The hands went away.
‘I need to feel your back better. You only need to pull up your dress.’
Maj-Britt couldn’t move. She felt the hands return and fumble along her sides. When her dress was pulled up, the disgust she felt was so strong that she wanted to throw up. The fingers groped over her skin and in between her rolls of fat, pressing and squeezing and finally she could no longer hold back. Her body convulsed. She felt to her relief that the hands went away and her dress fell back and again covered her legs.
‘Ellinor! Ellinor, do you have a bucket?’

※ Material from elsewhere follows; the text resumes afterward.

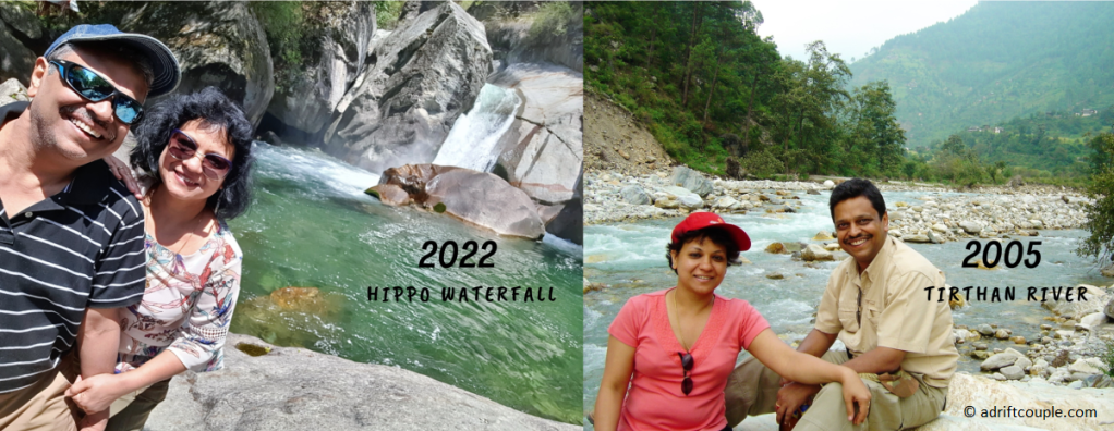 We, The Adrift Couple, were returning to Tirthan after a hiatus of 17 years having first discovered the valley in 2005. We had lodged in Nagini then, which at the time, had very limited staying options; unlike now – the riverbank and hillsides being dotted with guesthouses, homestays and cafes.

She heard the door open and their voices out there in the flat and in the next moment Ellinor was next to her with the green bucket. A dishrag lay like a dried shell in the bottom but Ellinor let it lie there, holding up the bucket in front of Maj-Britt, but nothing came out. She hadn’t eaten anything since the day before, so her stomach was empty. Slowly the terror retreated into its crevices and left the field free for the anger to which she was entitled. She shoved away the bucket and glowered at Ellinor who had tricked her into this, and Ellinor knew it as well as she did. Maj-Britt could see it in her eyes. That Ellinor only now understood what she had subjected her to.
‘Out!’
‘Does it feel better now?’
‘Get out of here!’
&
nbsp; And then she was alone with the doctor again. But she was no longer afraid. From now on she intended to decide what they would be allowed to do with her.
‘So. What’s the diagnosis?’
She felt that her voice had regained its strength, and she looked the doctor straight in the eye.
‘It’s too soon to tell. I want to do a few tests as well.’
And Maj-Britt complied. She sat there obediently on the chair while she was stuck in the inside of her arm and watched her blood being collected in various vials. They would not be allowed to do anything to her unless she gave permission. Not a thing. It was still her body, even if there was a disease in it. The doctor did her best to take her blood pressure, and Maj-Britt felt relatively calm again. Now that she had regained control.
‘I’ve seen you out in the playground a few times. With that child who lives across the way.’
She had intended it as a polite thing to say, an ordinary attempt at some sort of conversation. She knew of course that chit-chat wasn’t her forte, but she never would have suspected her words would have such an effect. The change was palpable through the entire room. An invisible shift in power had occurred. Maj-Britt noticed the woman’s movements suddenly stop and then resume at a faster pace, but at first she didn’t understand what had happened. All she knew was that the doctor who had just taken her blood pressure had reacted to her words. All the little unwelcome people who had come and gone in her flat in the past twenty-five years had chiselled out a unique ability in her to sniff out people’s weaknesses. It had been a matter of pure instinct for self-preservation, her only possibility of retaining something of her dignity in the face of their contempt. To quickly assure herself of their weak points and make use of the knowledge when it was needed. If for no other reason than to get rid of them. Ellinor had been her first failure.
The doctor rolled up the blood-pressure cuff and stuffed it back in her bag.
‘No, it must have been someone else you saw.’
And to her surprise Maj-Britt realised that she had sniffed correctly. The doctor was lying to her. Lying right to her face. And one other thing she knew clearly, and that was the satisfaction of suddenly having regained her equilibrium. The invisible power shift meant that she could now demand respect. She was no longer subject to that woman’s hands and well-educated supposition about a possible illness. Thin, successful and superior, in her great mercy she had agreed to see Maj-Britt despite her minuscule importance. Made the effort to come here since she wasn’t in any shape to leave her flat. An inferior being.